On Thu, Feb 4, 2016 at 5:51 PM, johanna curiel curiel <
johanna.curiel at owasp.org> wrote:

> Hi Paul
>
> Having been quite involved with OWASP and its content for 3.5 years , I
> can provide a quick assessment  based on my experience:
>
> *Content management of Wiki*
> We lack a Content management team responsible/accountable to drive and
> mantain cohesive content on the wiki.Right now the wiki is a 'messy
> collage' of content, with sporadic volunteers but way too many people
> creating isolated wiki pages, uncategorised and outdated content that never
> gets properly cleaned up after many years ago.
>
> *Volunteer program management*
> We lack  proper implementation of a volunteer program.Volunteers needs to
> be managed and motivated so they contribute(aka work for free ;-).
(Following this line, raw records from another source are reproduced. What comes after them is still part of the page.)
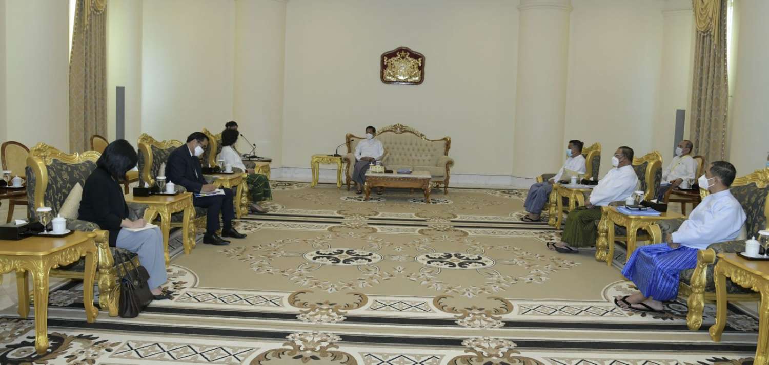 နိုင်ငံတော်စီမံအုပ်ချုပ်ရေးကောင်စီဥက္ကဋ္ဌ နိုင်ငံတော်ဝန်ကြီးချုပ် ဗိုလ်ချုပ်မှူးကြီး မင်းအောင်လှိုင်သည် ကုလသမဂ္ဂအတွင်းရေးမှူးချုပ်၏ မြန်မာနိုင်ငံဆိုင်ရာ အထူးကိုယ်စားလှယ် Ms. Noeleen Heyzer ကို ယနေ့မွန်းလွဲပိုင်းတွင် နေပြည်တော်ရှိ နိုင်ငံတော်စီမံအုပ်ချုပ်ရေးကောင်စီ ဥက္ကဋ္ဌရုံး၊ ဧည့်ခန်းမ၌ လက်ခံတွေ့ဆုံသည်။
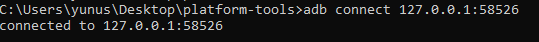 4.Adım: Şimdi ise Subsystem for Android uygulamasında yazan ip ye şu komut ile bağlantı yapmamız gerekiyor (Ip adresi değişiklik gösterebilir).
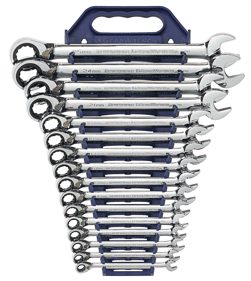 Gearwrench 16-Piece Reversible Ratcheting Combination Wrench Set - Metric, Set of 16
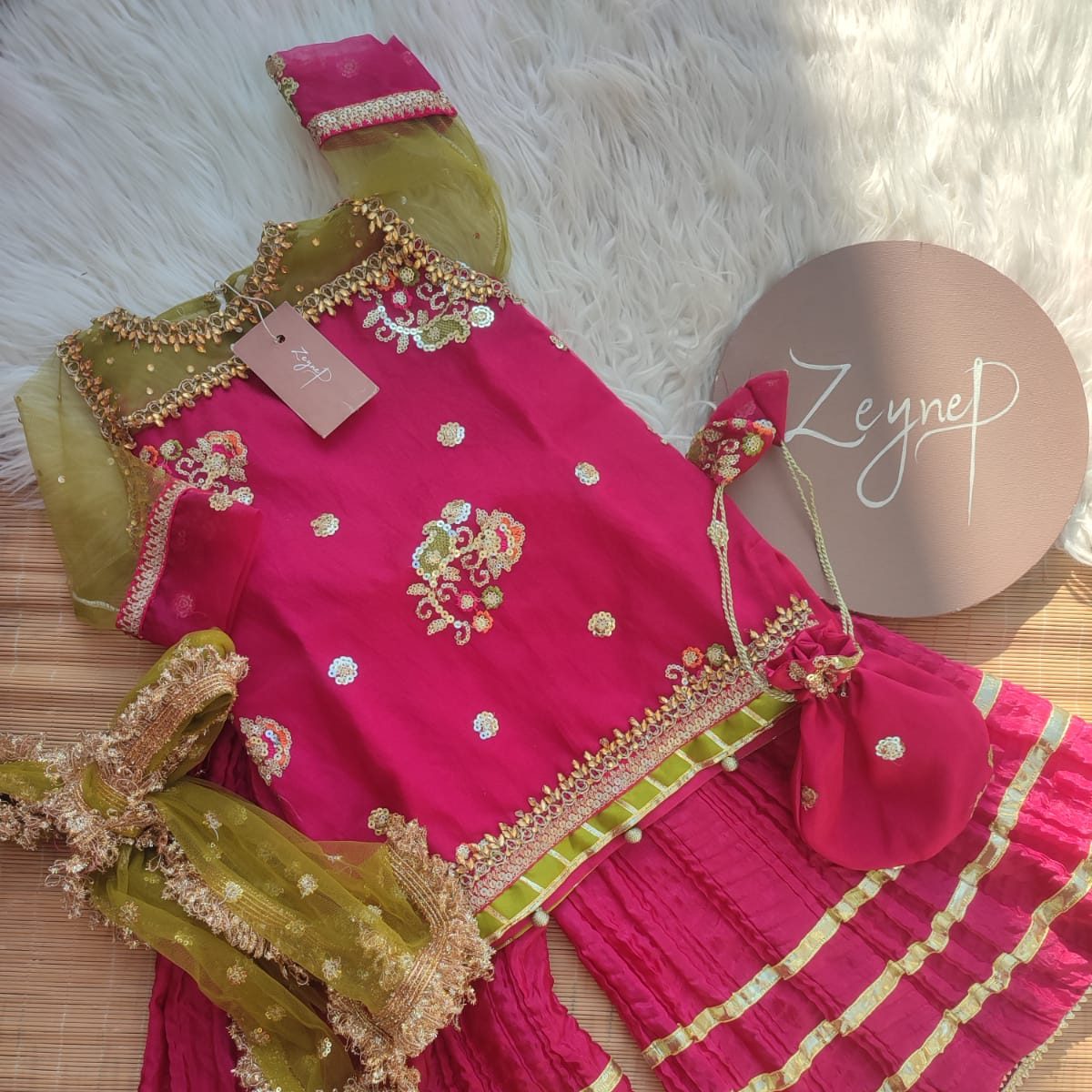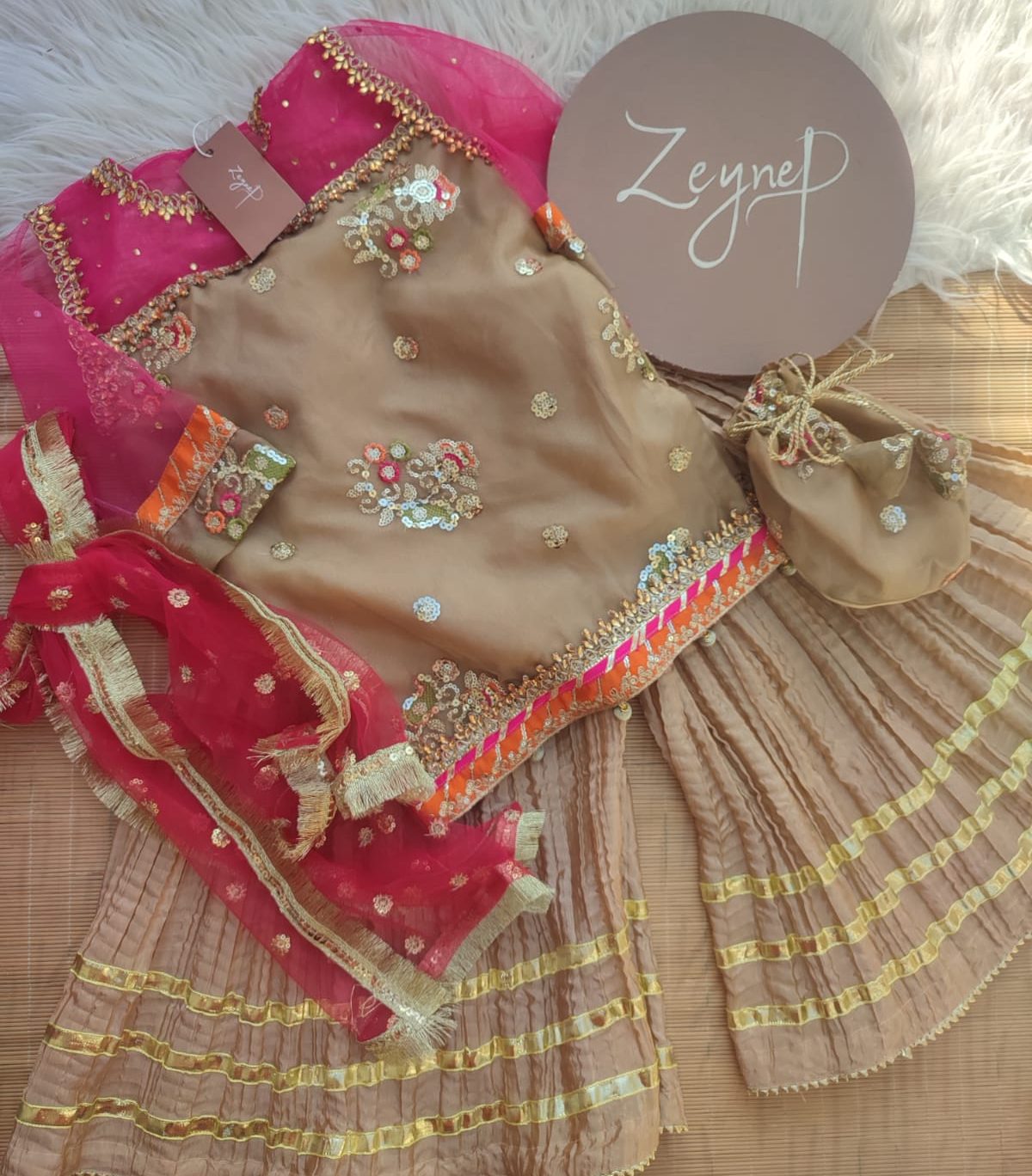 An elegant organza shirt with lace detailing on the front, net neckline and sleeves, paired with a raw silk crush sharara, net dupatta, and organza potli.

I Think
> we have a big gap in OWASP to motivate volunteers properly
>
> *Integration of work-flow processes through Salesforce API *
> I was a salesforce developer for SafeBoot
> <http://searchsecurity.techtarget.com/news/1275984/McAfee-acquires-SafeBoot-for-endpoint-encryption>
> (bought by McAfee in 2007) and I did some heavy integration between the
> Safeboot website with customer portals and the Salesforce API. OWASP can do
> the same and integrate many processes(such as the forms, requests from
> volunteers, reports etc)  but this will require some serious development
> and develop this process properly with involvement of the staff and
> volunteers needs.Not sure if 1 hour conference call with a task force of
> volunteers(which has not been formed yet) on each type of projects
> (Builders, Breakers, Developers)will provide an external party with little
> knowledge about OWASP enough information about these issues.
>
> *Modernisation of Wiki *
> For the wiki, we need to modernise it so we have the same level as
> Mozilla Developer Network <https://developer.mozilla.org/en-US/> to allow
> continuos reviews and a program properly managed to motivate volunteers
> work on content (Mozilla have the 'badges
> <https://badges.mozilla.org/en-US/>' which is quite nice). It is driven
> by volunteers, however managed by a team.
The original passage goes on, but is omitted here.